Logan Wright, a Beijing-based analyst at Stone & McCarthy, an economic-research firm, has done some statistical detective work to make sense of the figures. The first problem is that reported reserves exclude the transfer of foreign exchange from the PBOC to the China Investment Corporation, the country’s sovereign-wealth fund. The reserve figures have also been reduced in book-keeping terms this year by the PBOC “asking” banks to use dollars to pay for the extra reserves that they are now required to hold at the central bank. Adding these two items to reported reserves, Mr Wright reckons that total foreign-exchange assets rose by an astonishing $393 billion in the first five months of 2008 (see chart), more than double the increase in the same period last year.

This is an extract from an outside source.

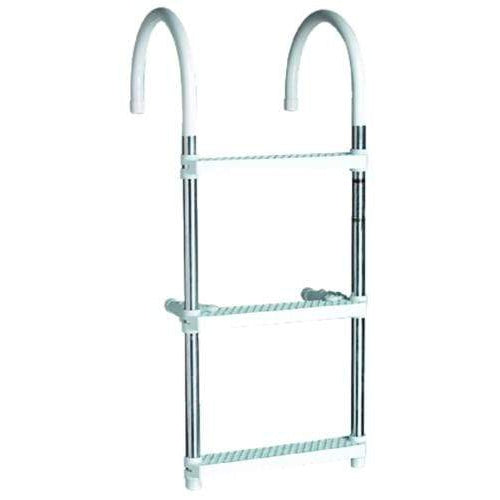 Non-anodized aluminum 7/8" tubing. Polyethylene steps, 11" hooks and support legs. Folds flat for storage. Portable, hooks to the boat gunwale.

I literally have nothing to add! Do check out the chart that accompanies the article; it highlights that China’s current foreign asset growth, annualized, is a lot closer to a trillion dollars than half a trillion dollars.
Logan Wright’s article on the bureaucratic rivalry between SAFE and the CIC -- itself a spillover of the rivalry between the PBoC and the Ministry of Finance -- is also well worth reading.
When I visited Beijing last November, a journalist based there quipped that the PBoC and the Ministry of Finance have been at each others’ throats since 1949. Their rivalry historically hasn’t had much impact on the rest of the world. Now each influences - as the CIC is consider closer to the Finance Ministry than to the PBoC, though it reports to the State Council -- a rather substantial pool of funds to invest abroad. And given how fast China’s foreign assets are growing, each could soon control a lot more funds.